Propagation of error

All sensors have non-zero error in their measurements. And that error might be reduced or magnified by any stage of the pipeline that handles the data. So the pipeline supports parallel propagation of an optional error vector. If the vector is non-null, it should be handled appropriately in the class, and then relayed down the pipeline. This means that the application will only receive error information if every step in the pipeline handles it, starting at the sensor. So read those datasheets carefully.


Pipeline sources

All data that moves through the pipeline is assumed to be given in SI units. Data must have a corresponding enum in the library to be accepted. There is also a type SpatialSense::UNITLESS to accommodate special cases.

Sensors are generally sources but (apart from terminology) there is no reason that they can't have afferent connections from other classes.

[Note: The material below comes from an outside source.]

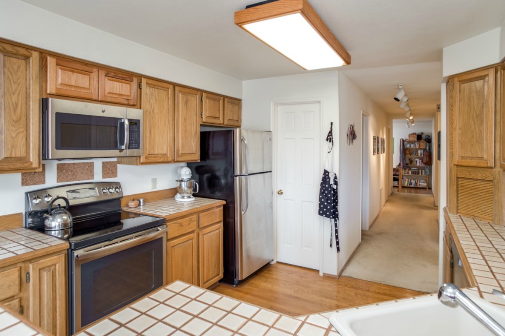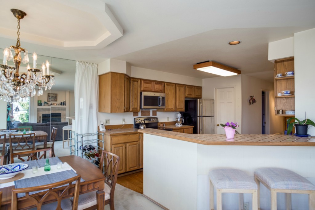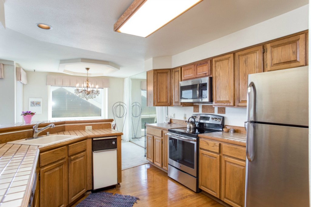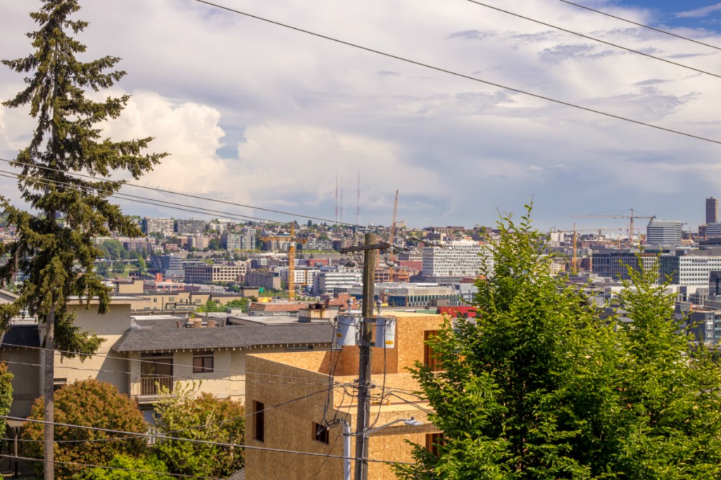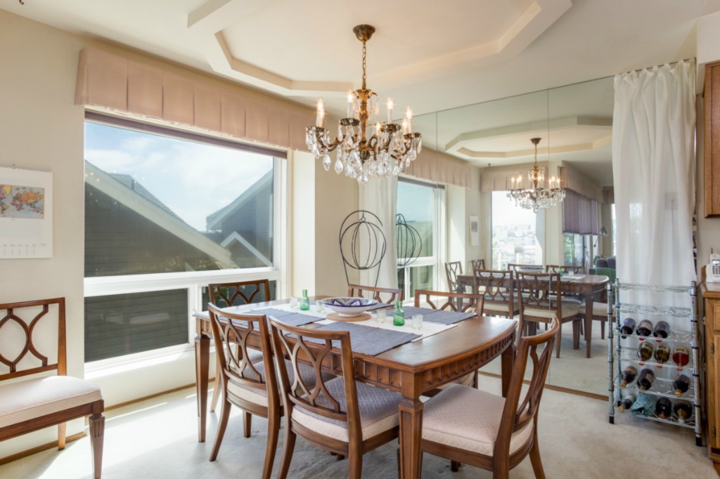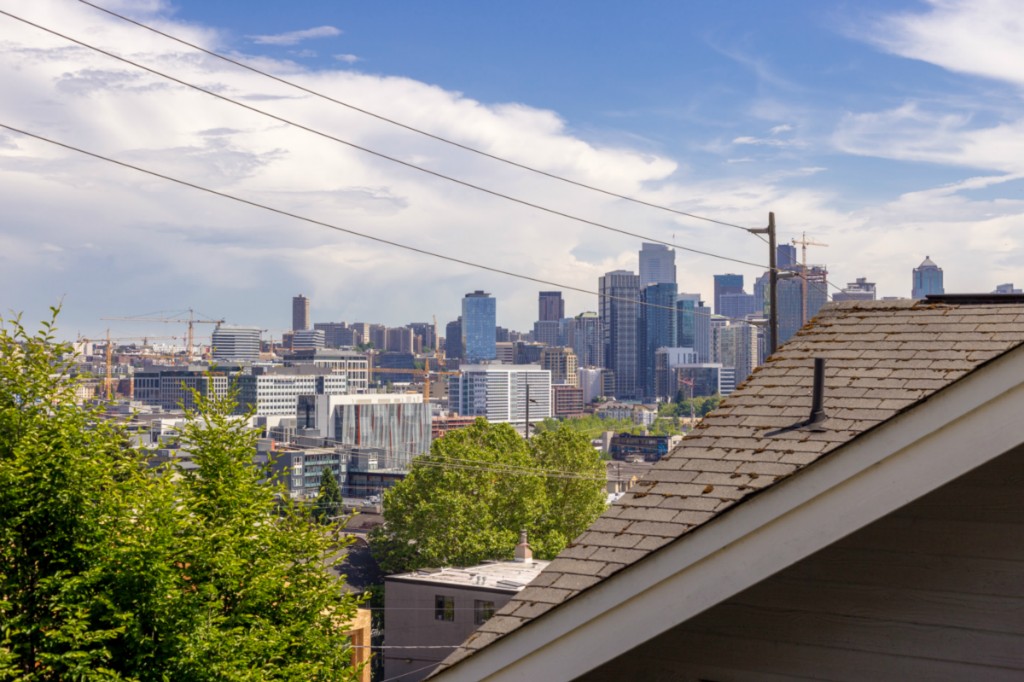 2 bedrooms, 2 full baths, great room with living, dining & fireplace; 1245 sq.ft.; master suite includes full bath and walk in closet. New appliances and pantry. French doors on 2nd bedroom expand living room or create private den/guest room. Bright interior, large picture windows and partial city views from inside and the deck. Quiet 18 condominium building in established neighborhood; elevator, designated parking, storage in garage. Lower Queen Anne location convenient to everything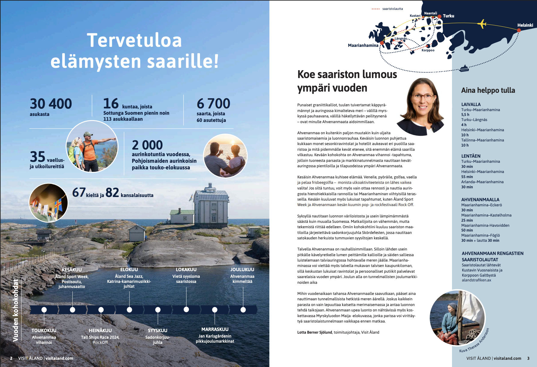Läsarna finns i huvudsak Åbo, Tammerfors och Helsingfors. Broschyren är en del av Visit Ålands Varumärkesbyggande kommunikation och innehåller inspiration, aktiviteter och tips för vår, sommar och höst 2024. Broschyren distribueras i dagsläget endast på finska. Broschyren delas också ut på mässor på finska sidan samt till återförsäljare.

Such a case might arise with sensors that have "integrated hubs", as do some Bosch and ST parts.

Sources need not themselves implement any interfaces from the pipeline. They only need to call pushVector() with conforming parameters.


Pipeline sinks

Writing a sink class is trivial, but there is a pipeline sink class called TripleAxisTerminus that makes a convenient end-point for delivery of vectors to the application layer. This sink holds a local copy of the last-known data and error, and provides a sequence number and timestamp of the last update.

By defining a function with the signature...

int8_t my_callback_fxn(SpatialSense s, Vector3f* dat, Vector3f* err, uint32_t seq_num);

...the application can be informed of outputs from the pipeline without having to poll for them.

/*
* Pipeline sinks that have a callback configured will call this function on
*   value updates. If this function returns zero, the terminating class will not
*   be marked "fresh", since we have presumably already noted the value.
*/
int8_t callback_3axis(SpatialSense s, Vector3f* dat, Vector3f* err, uint32_t seq_num) {
  switch (s) {
    case SpatialSense::ACC:
      printf("%u  \tX: %.4f \t Y: %.4f \t Z: %.4f\n", seq_num, data->x, data->y, data->z);
      if (nullptr != err) {
        printf("  \tX(err): %.4f \t Y(err): %.4f \t Z(err): %.4f\n", data->x, data->y, data->z);
      }
      break;
    default:
      printf("Unhandled SpatialSense in callback: %s\n", TripleAxisPipe::spatialSenseStr(s));
      break;
  }
  return 0;
}

TripleAxisTerminus down(SpatialSense::ACC, callback_3axis);  // The tilt sensor's best-estimate of "down".

An instance of TripleAxisTerminus that is constructed without a callback will need to be polled to determine changes...

TripleAxisTerminus down(SpatialSense::EULER_ANG);  // The tilt sensor's best-estimate of "down".

...

// Somewhere in a service loop...
if (down.dataFresh()) {
  Vector3f data;
  Vector3f err;
  uint32_t seq_num;
  getDataWithErr(&data, &err, &seq_num);
  printf("%u  \tX: %.4f \t Y: %.4f \t Z: %.4f\n", seq_num, data->x, data->y, data->z);
  if (nullptr != err) {
    printf("  \tX(err): %.4f \t Y(err): %.4f \t Z(err): %.4f\n", data->x, data->y, data->z);
  }
}

A note about TripleAxisCompass and SpatialSense::BEARING

The TripleAxisCompass class generates three data points from magnetometer and (optionally) accelerometer and orientation data. The afferents to the compass class are all proper vectors in 3-space. But the efferents are discrete pieces of information. Their positions in the vector are arbitrary and are defined the convention:

Vector.x --> Magnetic North
Vector.y --> Magnetic Dip
Vector.z --> True North

Values that TripleAxisCompass is not able to calculate will be fixed at 0. This is an epistemological weak-point that may be addressed by other means in the future.


Dependencies

  • This class needs StringBuilder for output. Excision of the print functions will eliminate the dependency.
  • This class uses the Vector3 template to represent data.
  • The platform must supply (or alias) an accurate millis() function.